_Work instruction_
Drop the pictures and restate the rest of the listing word for word.

_Material for this exercise_
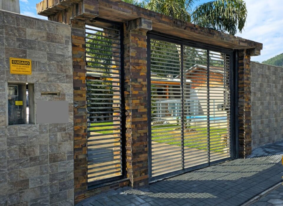 - Casa de alvenaria murada e cercada, com portão eletrônico
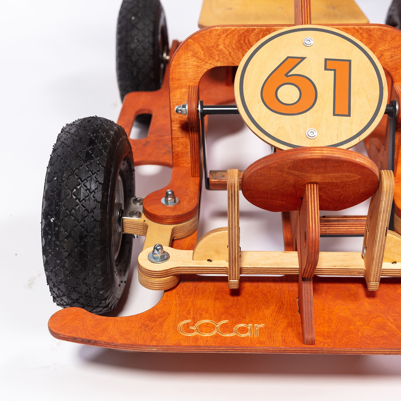 Šlapací autíčko GOCar je zábavnou výzvou jak pro tatínky, kteří si při jeho stavbě umí odpočinout, tak pro ratolesti toužící držet volant, učit se pravidlům provozu i závodění. Základem maximálně ekologické konstrukce vozítka je bezkazová, pevná a odolná březová překližka původem z Lotyšska, která byla důkladně ošetřena voskovým olejem, a odolá tak povětrnostním vlivům. Odolnost vůči nepřízni prostředí také zajišťují díly z nerezové oceli a robustní plastová kluzná ložiska. Šlapací mechanika je přizpůsobena omezenému prostoru a maximální bezpečnosti. Dynamice jízdy prospívají objemná nafukovací pojezdová kola. K zajištění řidičova pohodlí je autíčko vybaveno posuvným opěradlem. Autíčko velikosti M (střední), má nosnost do 50 kg a je určeno pro děti od 6 do 10 let.   Hlavní vlastnosti:pro děti od 6 do 10 let, max. 50 kgodolná konstrukceve formě stavebnice
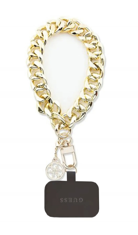 Světle zlatý doplněk je vyroben z lesklého a odolného kovu. Díky rafinované estetice Guess bude váš smartphone vypadat luxusně.
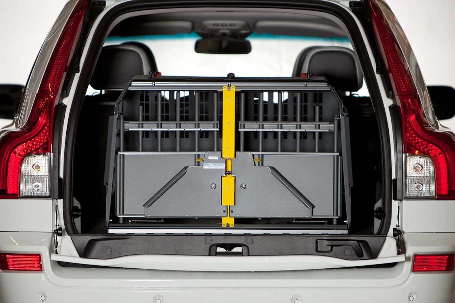 The VarioCage is available in different sizes and in two widths: single box or double box. Each VarioCage is adjustable in length and therefore fits in many car models. In order to make optimal use of the boot space, the front and back walls are slightly sloped.
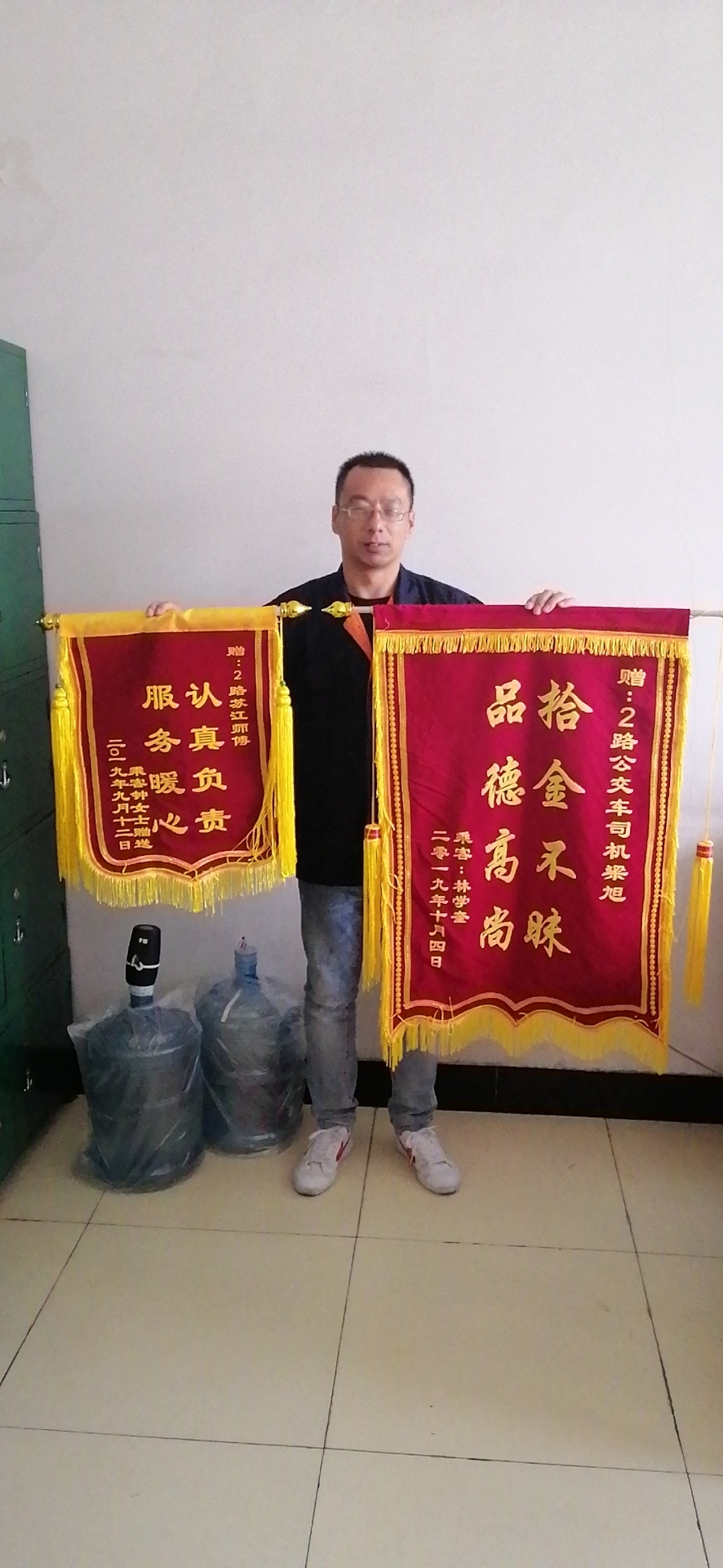 | 10月2日,乘客鐘女士到公交2路線師范學院調(diào)度室將寫有“認真負責、服務暖心”的錦旗贈與駕駛員蘇江師傅。9月12日上午,鐘女士帶孩子從師范學院乘坐2路車去站前火車站,在乘車過程中鐘女士的乘車卡由孩子拿在手中玩耍,下車時孩子卻將乘車卡塞進后門兩個玻璃的夾縫中,一時 |
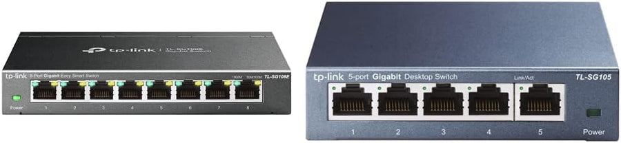 TP-Link TL-SG108E Managed Switch 8 Port Gigabit Ethernet LAN Switch schwarz & TL-SG105 5-Ports Gigab
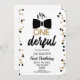 C'est une invitation à thème M. ONEderful First Birthday Party 1er avec un design de parties scintillant noir blanc et or. Une parties scintillant d'or noir blanc arc-cravate cravate

_Result_
 - Casa de alvenaria murada e cercada, com portão eletrônico
 Šlapací autíčko GOCar je zábavnou výzvou jak pro tatínky, kteří si při jeho stavbě umí odpočinout, tak pro ratolesti toužící držet volant, učit se pravidlům provozu i závodění. Základem maximálně ekologické konstrukce vozítka je bezkazová, pevná a odolná březová překližka původem z Lotyšska, která byla důkladně ošetřena voskovým olejem, a odolá tak povětrnostním vlivům. Odolnost vůči nepřízni prostředí také zajišťují díly z nerezové oceli a robustní plastová kluzná ložiska. Šlapací mechanika je přizpůsobena omezenému prostoru a maximální bezpečnosti. Dynamice jízdy prospívají objemná nafukovací pojezdová kola. K zajištění řidičova pohodlí je autíčko vybaveno posuvným opěradlem. Autíčko velikosti M (střední), má nosnost do 50 kg a je určeno pro děti od 6 do 10 let.   Hlavní vlastnosti:pro děti od 6 do 10 let, max. 50 kgodolná konstrukceve formě stavebnice
 Světle zlatý doplněk je vyroben z lesklého a odolného kovu. Díky rafinované estetice Guess bude váš smartphone vypadat luxusně.
 The VarioCage is available in different sizes and in two widths: single box or double box. Each VarioCage is adjustable in length and therefore fits in many car models. In order to make optimal use of the boot space, the front and back walls are slightly sloped.
 | 10月2日,乘客鐘女士到公交2路線師范學院調(diào)度室將寫有“認真負責、服務暖心”的錦旗贈與駕駛員蘇江師傅。9月12日上午,鐘女士帶孩子從師范學院乘坐2路車去站前火車站,在乘車過程中鐘女士的乘車卡由孩子拿在手中玩耍,下車時孩子卻將乘車卡塞進后門兩個玻璃的夾縫中,一時 |
 TP-Link TL-SG108E Managed Switch 8 Port Gigabit Ethernet LAN Switch schwarz & TL-SG105 5-Ports Gigab
 C'est une invitation à thème M. ONEderful First Birthday Party 1er avec un design de parties scintillant noir blanc et or. Une parties scintillant d'or noir blanc arc-cravate cravate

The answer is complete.